Supplied information:
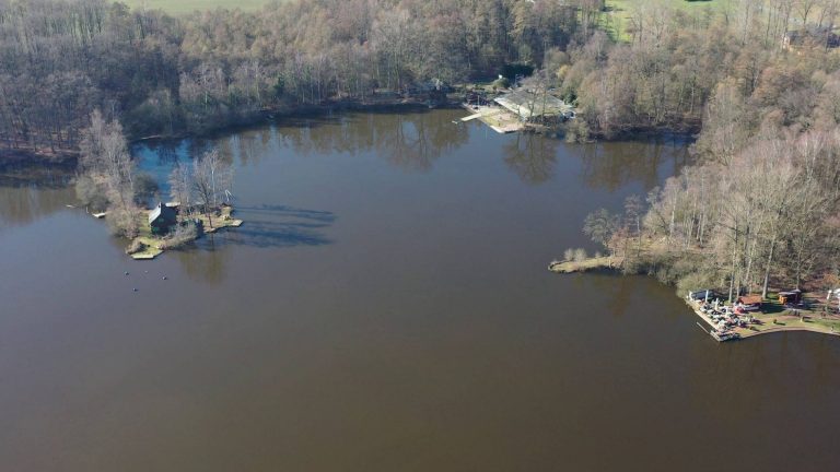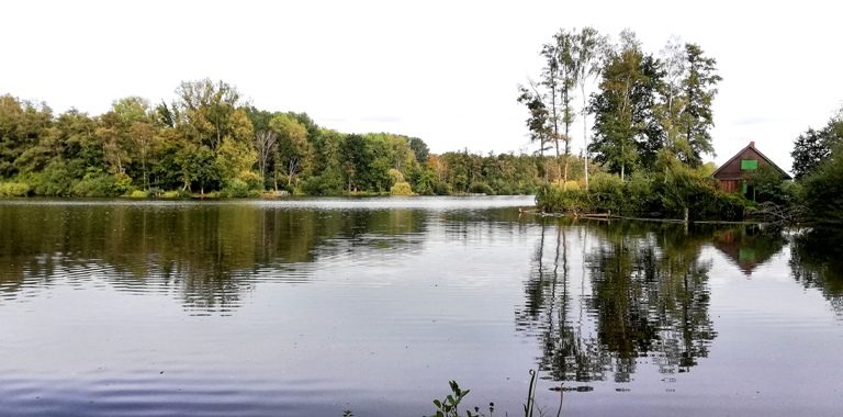 Rechts die Anglerhütte auf der Landzunge im Hücker Moor.
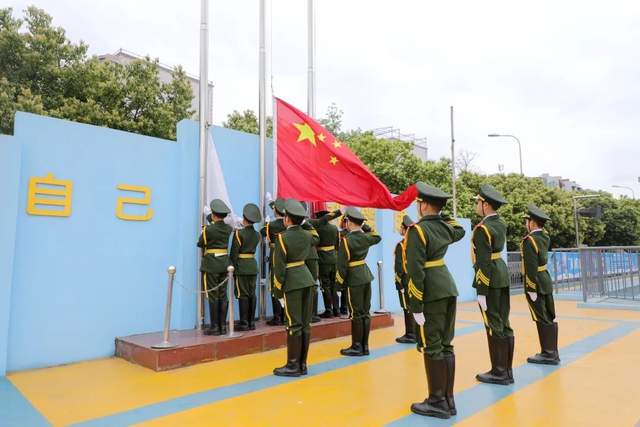 随着《中国人民解放军进行曲》缓缓响起,棠园国旗护卫队员们喊着响亮的口号、迈着整齐的步伐,前进、变队、升旗,威武雄豪。
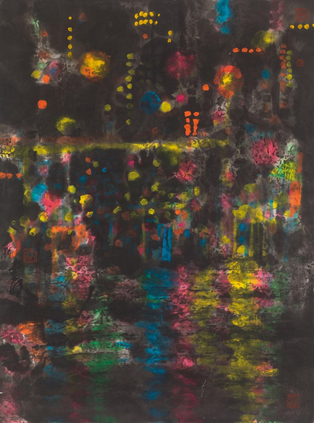 时至今日,林天行的画风被评为不断创新,画面立体饱满,没有留白,结构分明,平面有纵深,光影对比令画意空灵,色彩艳丽不俗气!林天行 「夜 ·香港」画展正在中环「明画廊」举行,每日都吸引大批粉丝前往。璀璨的香港夜景色彩缤纷,诗情画意,是这个国际都市的符号,林天行用画笔定格这符号,真好!真美!
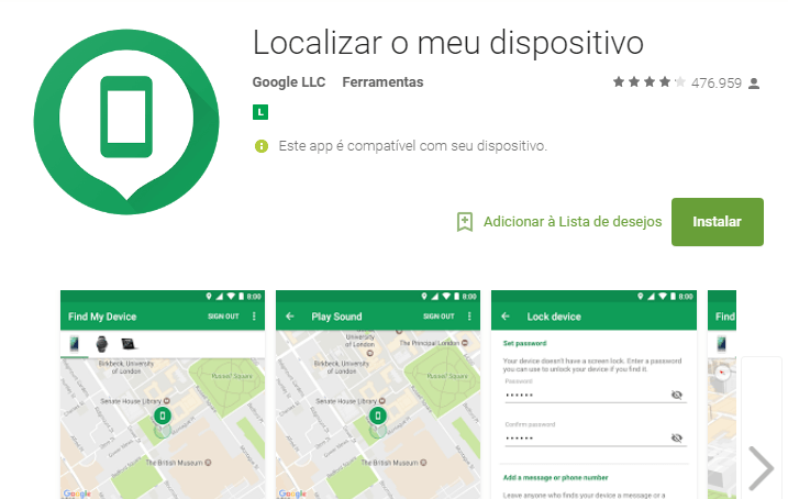 O aplicativo foi criado especialmente para localizar seu dispositivo caso ele tenha sido roubado ou esteja perdido.

Task brief: Pictures stay out. Everything else in the listing gets printed exactly.

Answer box:
 Rechts die Anglerhütte auf der Landzunge im Hücker Moor.
 随着《中国人民解放军进行曲》缓缓响起,棠园国旗护卫队员们喊着响亮的口号、迈着整齐的步伐,前进、变队、升旗,威武雄豪。
 时至今日,林天行的画风被评为不断创新,画面立体饱满,没有留白,结构分明,平面有纵深,光影对比令画意空灵,色彩艳丽不俗气!林天行 「夜 ·香港」画展正在中环「明画廊」举行,每日都吸引大批粉丝前往。璀璨的香港夜景色彩缤纷,诗情画意,是这个国际都市的符号,林天行用画笔定格这符号,真好!真美!
 O aplicativo foi criado especialmente para localizar seu dispositivo caso ele tenha sido roubado ou esteja perdido.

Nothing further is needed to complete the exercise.